Below is a listing; repeat exactly the lines from the one containing "Vendo kit carene" to the one containing "NOTA:¡ Asistir con", both included.

** Opening Information block **

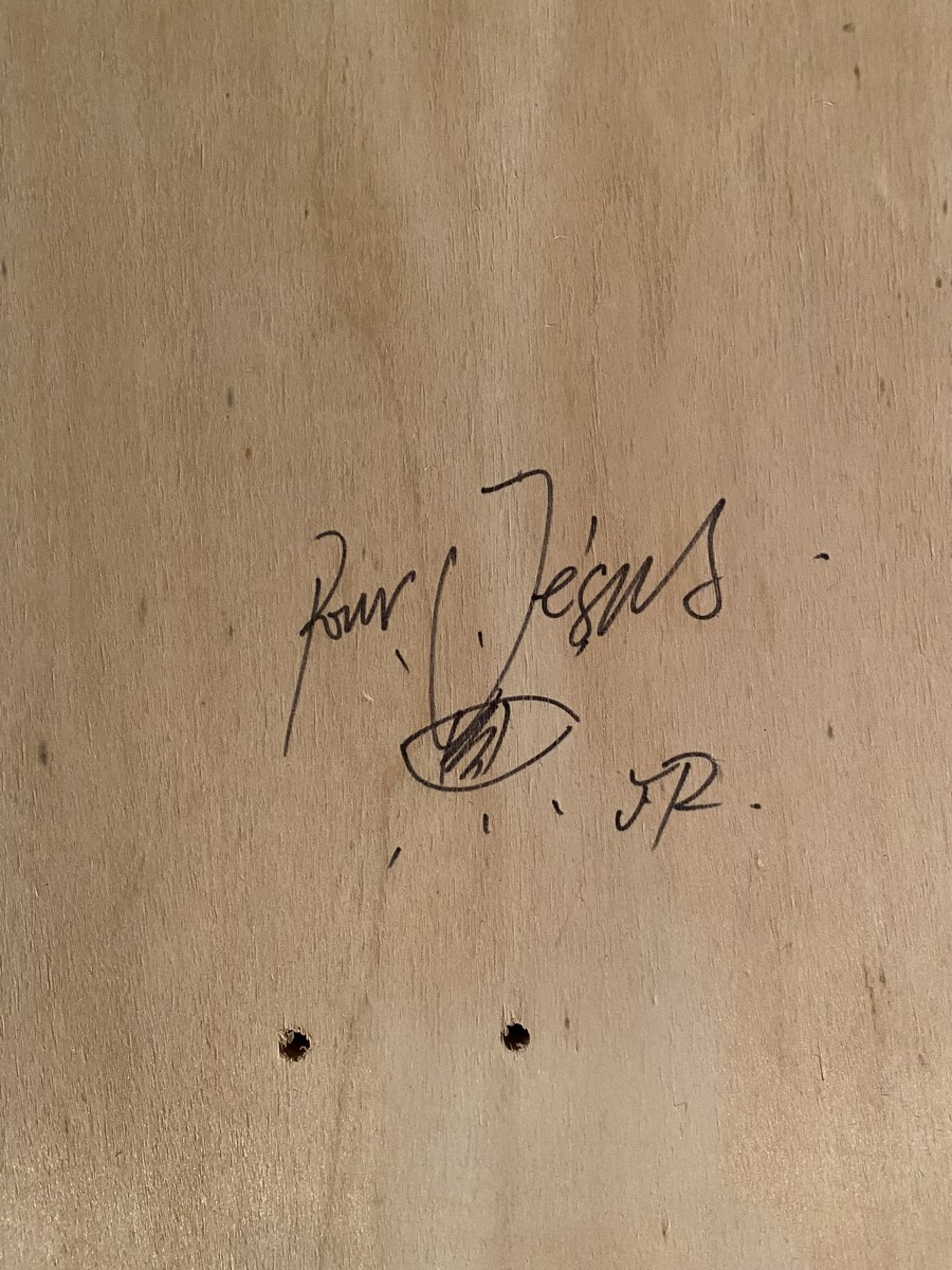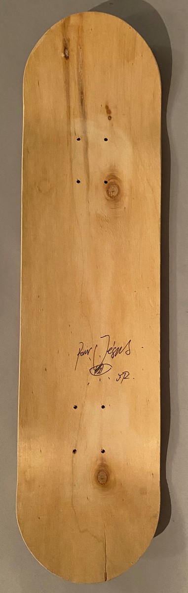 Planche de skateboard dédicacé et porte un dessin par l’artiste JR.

** Closing Information block **
** Opening Information block **

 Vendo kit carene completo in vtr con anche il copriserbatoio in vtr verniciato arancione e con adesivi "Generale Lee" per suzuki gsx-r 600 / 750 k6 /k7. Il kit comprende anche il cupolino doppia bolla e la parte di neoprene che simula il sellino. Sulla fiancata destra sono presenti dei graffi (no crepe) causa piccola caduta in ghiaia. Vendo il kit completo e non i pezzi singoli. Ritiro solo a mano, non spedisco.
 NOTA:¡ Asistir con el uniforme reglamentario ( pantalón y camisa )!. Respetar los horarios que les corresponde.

** Closing Information block **

▶ **Expected answer**
 Vendo kit carene completo in vtr con anche il copriserbatoio in vtr verniciato arancione e con adesivi "Generale Lee" per suzuki gsx-r 600 / 750 k6 /k7. Il kit comprende anche il cupolino doppia bolla e la parte di neoprene che simula il sellino. Sulla fiancata destra sono presenti dei graffi (no crepe) causa piccola caduta in ghiaia. Vendo il kit completo e non i pezzi singoli. Ritiro solo a mano, non spedisco.
 NOTA:¡ Asistir con el uniforme reglamentario ( pantalón y camisa )!. Respetar los horarios que les corresponde.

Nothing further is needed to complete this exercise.